- [Task details]: Your copy should match the listing word for word, apart from the pictures, which are left out.

- [Dataset excerpts]:
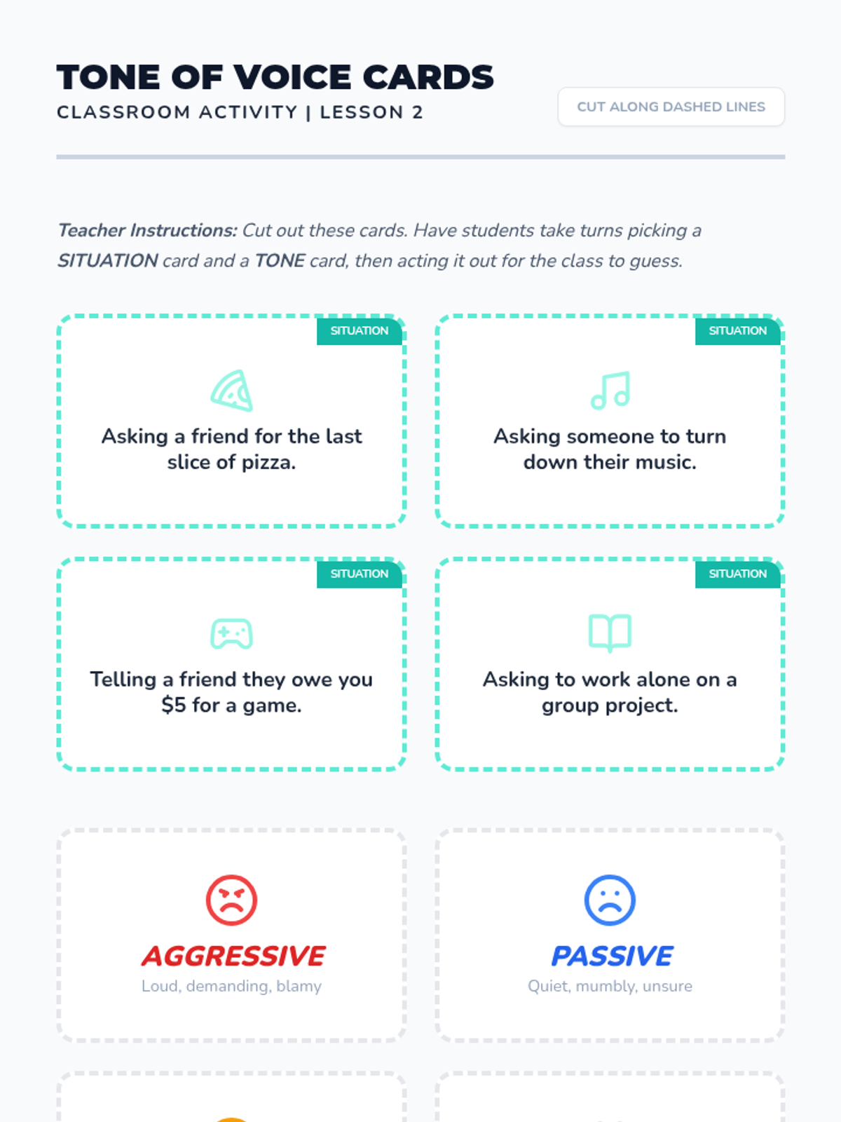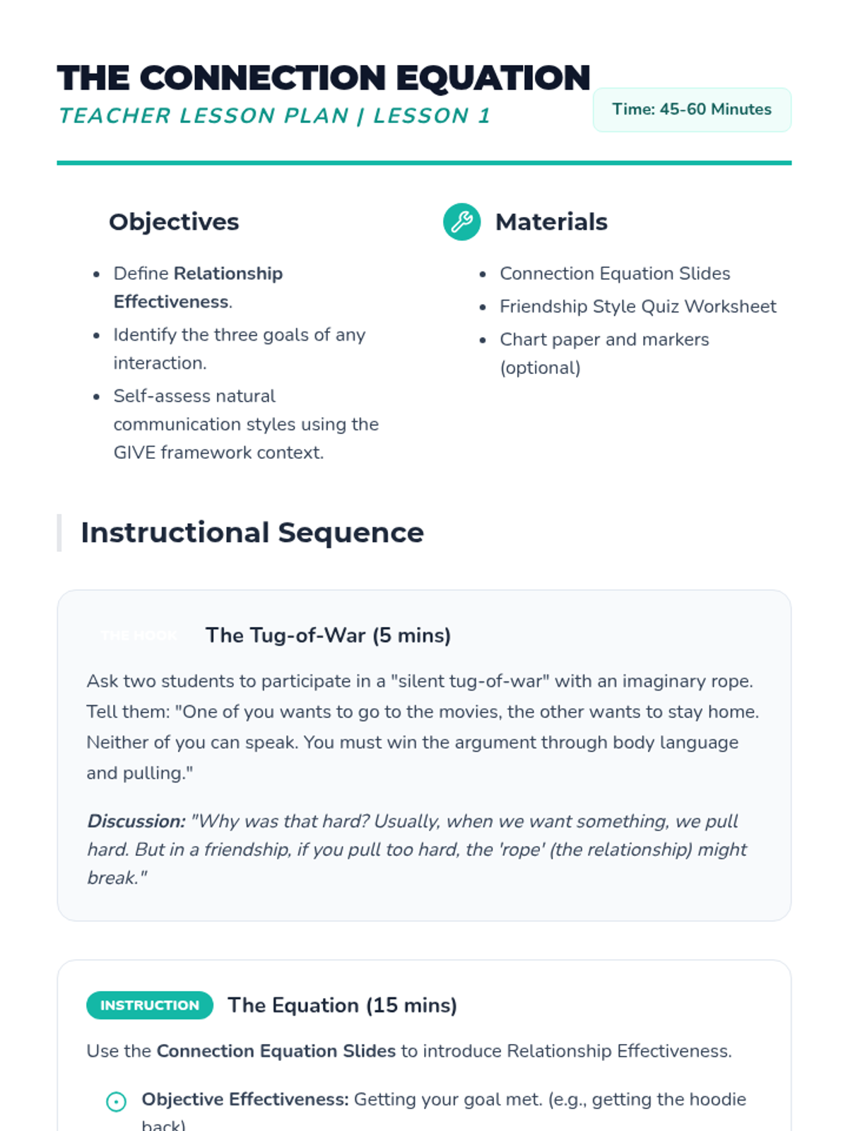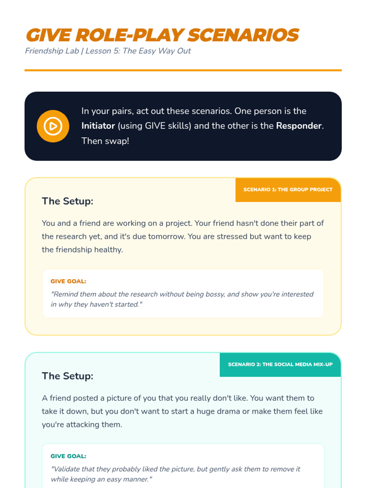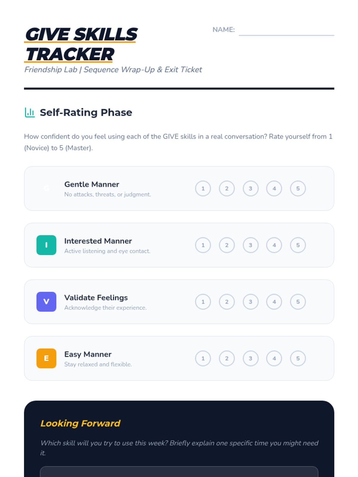 A comprehensive sequence for 6th graders to master the GIVE framework for healthy relationships, covering Gentle, Interested, Validate, and Easy manner skills through hands-on practice and reflection.
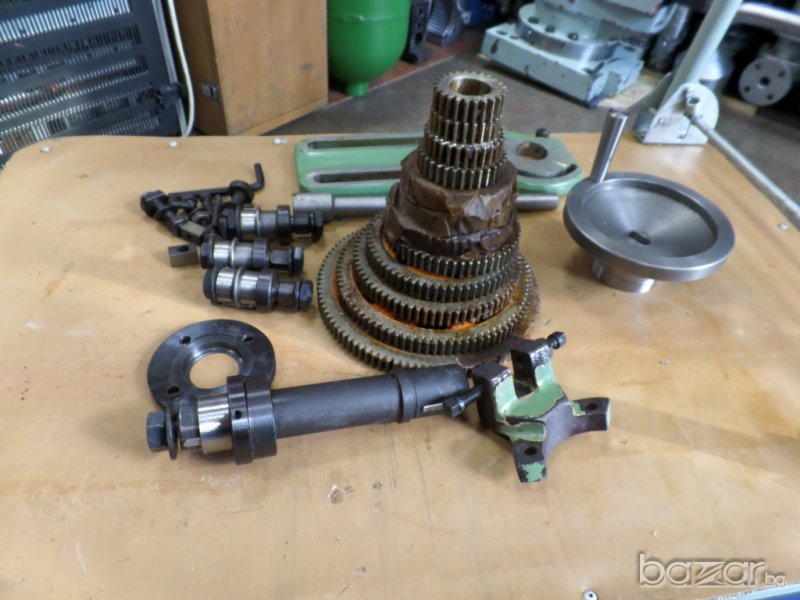 Комплект Лира за универсална фреза ФУ 321. Комплектът се състои от зъбни кола, опорни ОСи, фиксираща плоча и преходен фланец за присъединяване на универсален патронник.
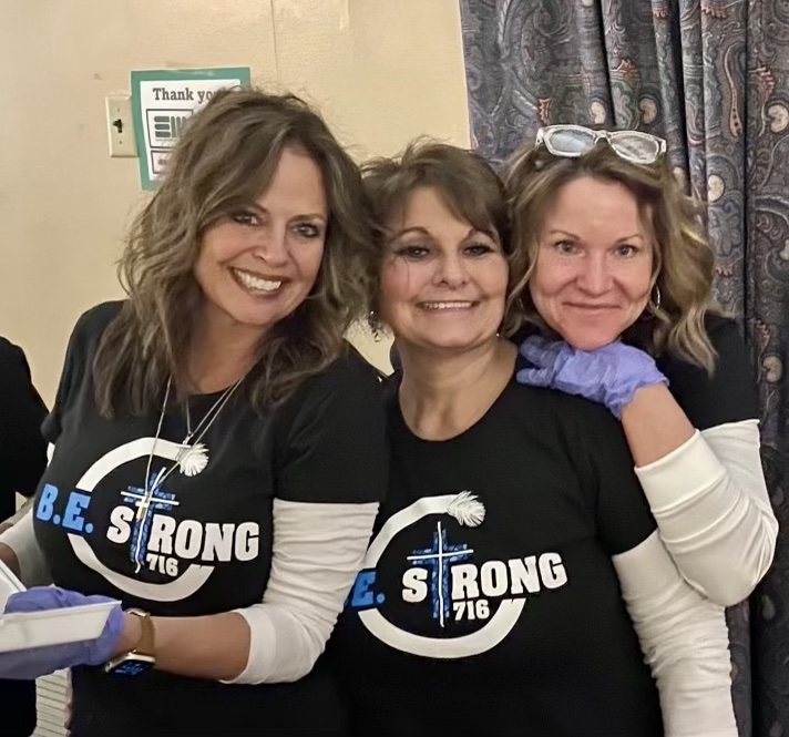 - Junie Eimiller, B.E. Strong 716 founder and CEO, is pictured with volunteers Joann Murray and Missy Kwiatkowski. Below, The B.E. Strong volunteer “team” assisting at a fundraiser for Aspire. Submitted photos
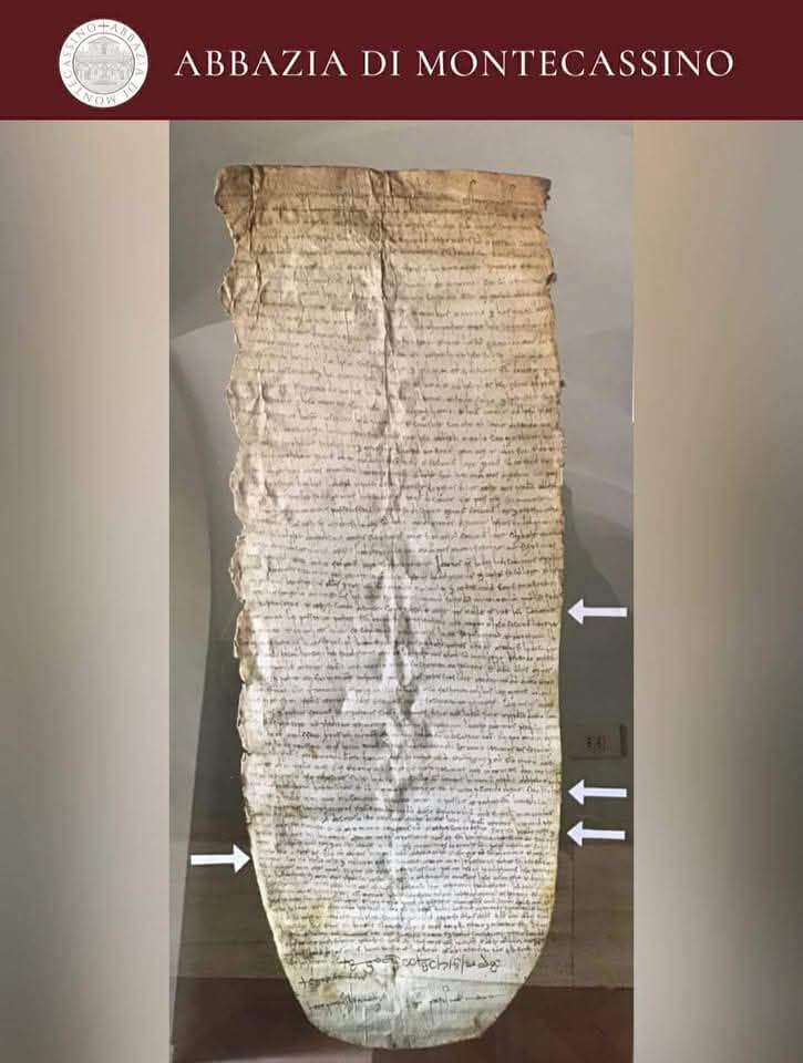 Nella foto: lโoriginale pergamena conservata nellโArchivio dellโAbbazia di Montecassino.
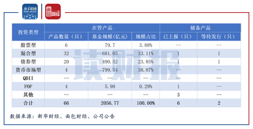 同期,農銀匯理在管公募基金共有66只。從產品類型來看,混合型基金和債券型基金最多,分別有32只、20只;貨幣型基金的管理規模最大,達到799.54億元,占總規模的38.87%。儲備產品方面,已上報產品有6只,等待發行的產品有2只。

- [Answer below]:
 A comprehensive sequence for 6th graders to master the GIVE framework for healthy relationships, covering Gentle, Interested, Validate, and Easy manner skills through hands-on practice and reflection.
 Комплект Лира за универсална фреза ФУ 321. Комплектът се състои от зъбни кола, опорни ОСи, фиксираща плоча и преходен фланец за присъединяване на универсален патронник.
 - Junie Eimiller, B.E. Strong 716 founder and CEO, is pictured with volunteers Joann Murray and Missy Kwiatkowski. Below, The B.E. Strong volunteer “team” assisting at a fundraiser for Aspire. Submitted photos
 Nella foto: lโoriginale pergamena conservata nellโArchivio dellโAbbazia di Montecassino.
 同期,農銀匯理在管公募基金共有66只。從產品類型來看,混合型基金和債券型基金最多,分別有32只、20只;貨幣型基金的管理規模最大,達到799.54億元,占總規模的38.87%。儲備產品方面,已上報產品有6只,等待發行的產品有2只。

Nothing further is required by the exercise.